And here we come to the end of 1942 - a time of great trouble in America as the country had been involved in World War II for a year now. Some of the stories in these pages were war geared, mostly to encourage folks to purchase war bonds to do their part for the war effort, but there were also stories that were deeply grounded in what we know as Batman lore. And then there were stories that dealt more with other characters and Batman and Robin were secondary to the tale.

With this final story of the year, we have a story in media res as Bruce and Dick visit a Mr. Larson, a man who promises double your money in six months if you invest with him. It's interesting because normally, we'd have a setup of either a last desperate attempt by a poor person to make the money or perhaps a friend of Bruce's feeling swindled first and then the investigation, but here we are.

After making their investment, Bruce and Dick leave and we learn that Larson is really Larry the Judge, an underworld crime boss. He raises the money through the scheme to pay his men who he uses to lean on other crooks. He sets up a scheme where he grants licenses to these crooks to commit high end crimes in Gotham City, ones where they cannot get knicked. Those who commit crime without a license are rounded up by the Judge's men, dressed in police uniforms no less, and brought before the Judge for trial.

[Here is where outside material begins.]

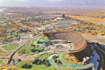 长城脚下,北京延庆,肃穆的海坨山和官帽山遥相对望,拥抱着冰封的妫河。河岸桥畔,一条条道路错落有致,一座座场馆拔地而起……1月19日北京世园会开幕迎来倒计时100天。100天后的4月29日,在这里,由中国政府主办、北京市政府承办的2019年中国北京世界园艺博览会将拉开帷幕。图为无人机拍摄的北京世园会中国馆。 供图/新华社

Gas-Pipe Grogan is given a license to rob Gordon's house. And it is here we first learn that Gordon is married as his wife's expensive necklace is mentioned. Gordon and his men surprise Gordon at home where he is waiting for Batman and Robin to arrive to talk about the crime spree. Which brings us to another interesting point. Batman and Robin visit Gordon in his home. I know we saw it in the Christmas story last year, but that seemed like a special occasion for the holidays. We see just how close the three have become that they are visiting Gordon at home. It also shows the level of trust Gordon has as he doesn't know who these two are.

Batman and Robin arrive and stop Gas-Pipe from his crime. I love Batman's indignance at the audacity of the criminals to issue licenses to commit crimes. No one seems to know who the Judge is.

Meanwhile, six months later, Bruce returns to Larson and finds his money has doubled as promised. He leaves with the money, not able to deposit it in the bank because it is evening.

As they return home, some of the Judge's men are waiting to rob them of their gains. It's another interesting point as we still have the two living in a suburban home and the Stately Wayne Manor we will come to know. They rob the two, who put up a short fight, but give in so as not to tip the crooks off.

They follow the car in the Batplane and capture it with a winch, dumping it in a nearby body of water. They quickly round up the gang and find another license on them from the Judge. He gets word of the botched theft and writes up a license for himself to kill Batman. He orders his men to commit three break-ins, but to steal nothing, leaving evidence behind that they were there.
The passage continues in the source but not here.